By no means is this a confessional blog. Nor is it a diary in any conventional sense, but more a collection of ruminations, comment, anecdote and sheer, as the French would say, 'Quois?'. Yet, I've noticed in blogs of those other genres that while you sometimes find almost unhealthy levels of intimacy, you never come across the one rite of passage that secures entry into a far richer world. Yes, I'm talking about swearing. That delicious, satisfying, almost primal use of language that in one vivid utterance gives healthy vent to anger, relieves stress and pours soothing balm on pain. Without it, how could we express outrage so succinctly, or be so fully, extraordinarily human? Ignorant people (including but not limited to: the US Federal Communications Commission, OFCOM & the writers of the books of Genesis and Leviticus) all fail to grasp the profound nature of swearing, perceiving it within narrowly moralistic and literal confines. Yet the science behind swearing reveals it to be far more complex. In his wonderful new book, The Stuff of Thought, the evolutionary psychologist Steven Pinker observes that swearing comes from a different part of the brain to that of our articulate language and reasoning system, believing it to originate from a much more ancient part of our emotional centre and possibly located in the amygdala organ in the frontal lobe of the brain (yes, it does sound like a character from one of the less successful Star Wars films). Certainly what reinforces this is that victims of strokes who have lost their linguistic facility are often found still able to curse. It is a fundamental and hardwired part of our existence.
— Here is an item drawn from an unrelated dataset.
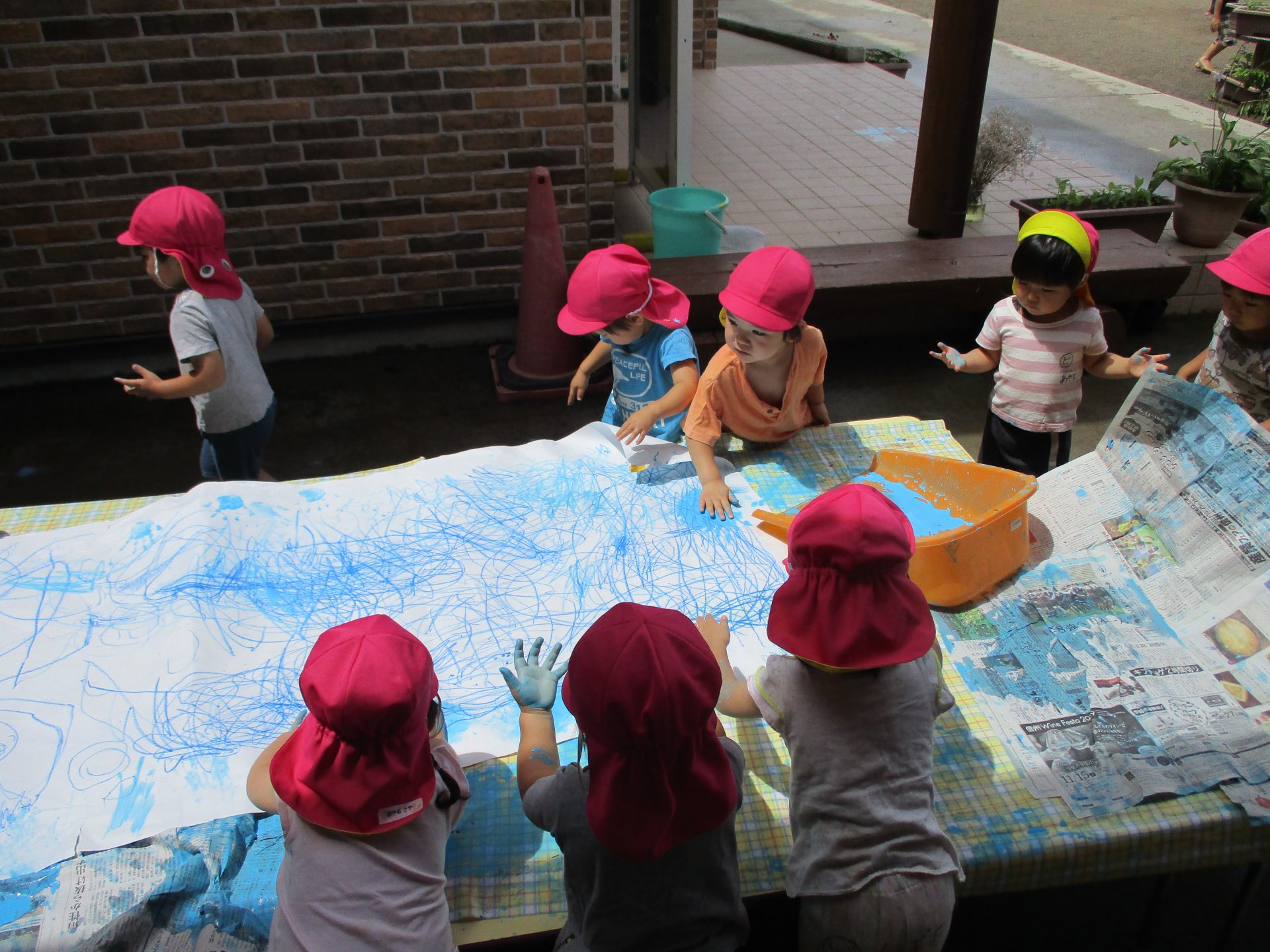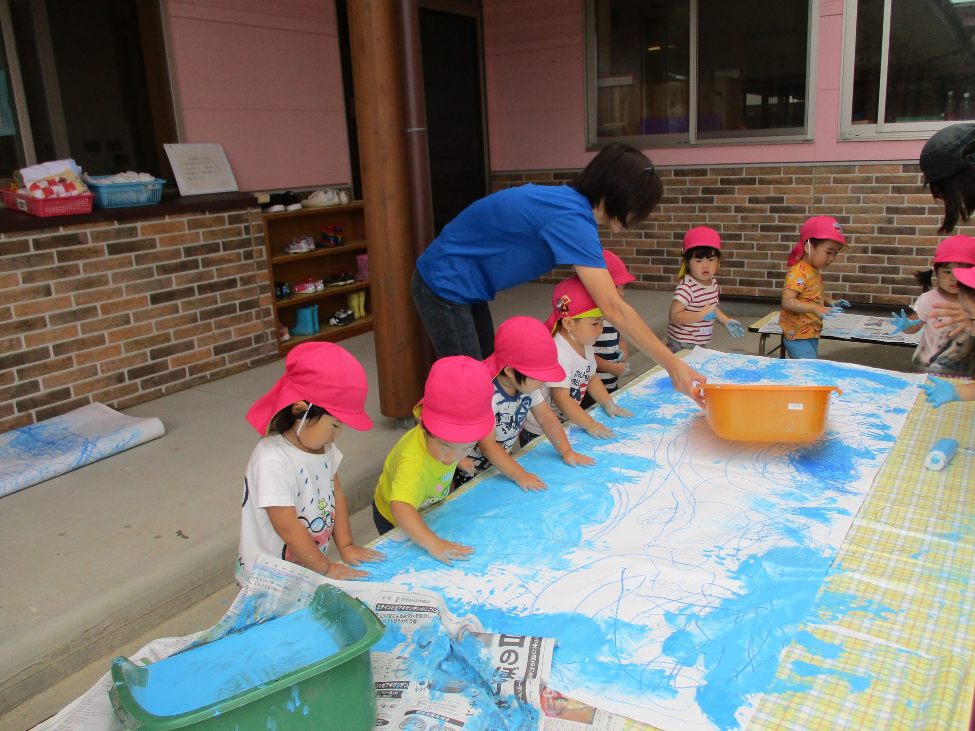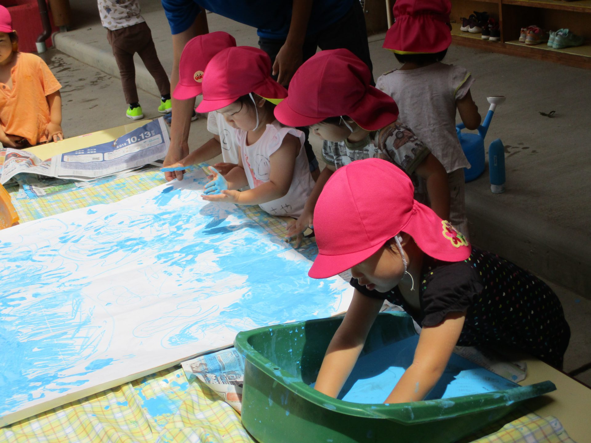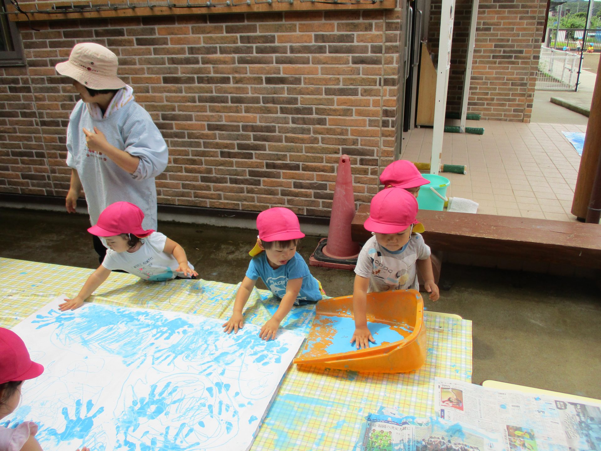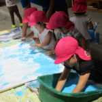 大きな紙にみんなでペタペタ。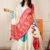 Elevate your festive look with the Off White Bandhani Lehenga Set, crafted in lightweight chiffon fabric for a graceful drape and timeless ethnic charm.

So, seeing that swearing is such a vital part of our human lot, I hope to start a trend by revealing my first obscenity (which surely ought to be as memorable as all our other significant 'firsts'). Summer 1983. I was eight years-old and walking with my mother and younger sister to my grandparents' house. The sun was glorious, the trees on the seaside hill verdant, and so I felt completely at ease to tell the joke I had innocently heard from DW and CR at primary school earlier that week: A boy was watching his father (who was in a hurry to get to work) shave, one morning. The father was late and rushing and inevitably cut himself with the razor. 'F*ck', he said. Exiting the bathroom and in a bad mood, he lost footing on the stairs and hissed, 'Sh*t'. The father left, and the boy, perhaps an instinctive practitioner of journalism, ran excitedly to his mother to report, 'Mom, mom. Guess what happened? Daddy just cut himself with a f*ck and then he fell down the sh*t'.
Stopping suddenly and without explaining, my mother firmly told me never, ever, to repeat that joke again. I still laugh, no longer at the joke of course, but just at the beautiful irony of my innocent self telling it, and at my sterling mother's composed surprise.